The re-Baathification of Iraq

The Islamic State has conquered broad swaths of Iraq thanks to a surprising alliance with secular veterans of Saddam Hussein’s military. But now that partnership is fraying — giving Washington its first real opportunity to blunt the terrorist group’s advance without relying solely on American airstrikes or ground troops.

The group of ex-Hussein loyalists, known alternatively as the Naqshbandi Army or by the acronym JRTN — the initials of its Arabic name — helped the Islamic State, formerly known as ISIS, win some of its most important military victories, including its conquest of Mosul, Iraq’s second-largest city.
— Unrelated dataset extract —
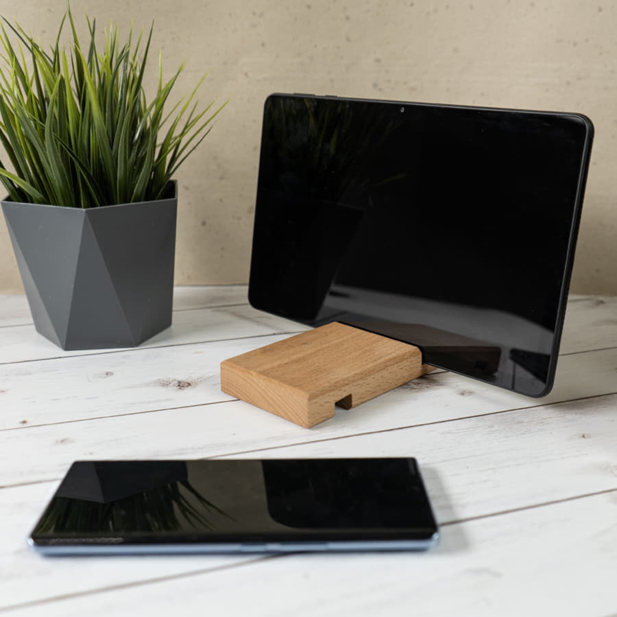 Подставка для смартфона, две разные выемки позволяют установить в держатель смартфон как в плотном бронечехле, так и без него, при этом смартфон будет хорошо зафиксирован, выполнен из премиум материала бук. Материал отличается следующими преимуществами: Прочность - премиум материал дерева Бук Безопасность - обладает противомикробными свойствами, не вызывает аллергических реакций Простой в уходе - моется теплой водой, допускается использование средств для мытья посуды Экологичность - натуральное и безопасное сырьеУдобство - устойчив на любых плоских поверхностях, включая диваны и кровативозможно привезти под заказ тираж от 1000 шт -

It has also given the terrorist army, which is composed largely of foreign fighters, a valuable dose of local political credibility in Iraq. JRTN, which was formed as a resistance group in 2006, is made up of former Baathist officials and retired military generals, and is led by the former vice president of Hussein’s revolutionary council, Izzat Ibrahim al-Douri, who was once one of the most-wanted men in the country during the U.S. occupation.
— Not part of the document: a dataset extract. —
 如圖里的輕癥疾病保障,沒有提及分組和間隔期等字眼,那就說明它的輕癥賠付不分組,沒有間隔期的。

ISIS and JRTN aren’t natural allies. The former wants to erase Iraq’s current borders and establish a caliphate, while the latter has been a largely secular movement that seeks to regain the official power and influence it held before the U.S. invasion in 2003. But they are aligned in their opposition to, and hatred of, outgoing Iraqi Prime Minister Nouri al-Maliki’s Shiite-dominated government. Each side wants him to go, and JRTN recognizes that ISIS stands the best chance of violently overthrowing the Iranian-backed regime in Baghdad.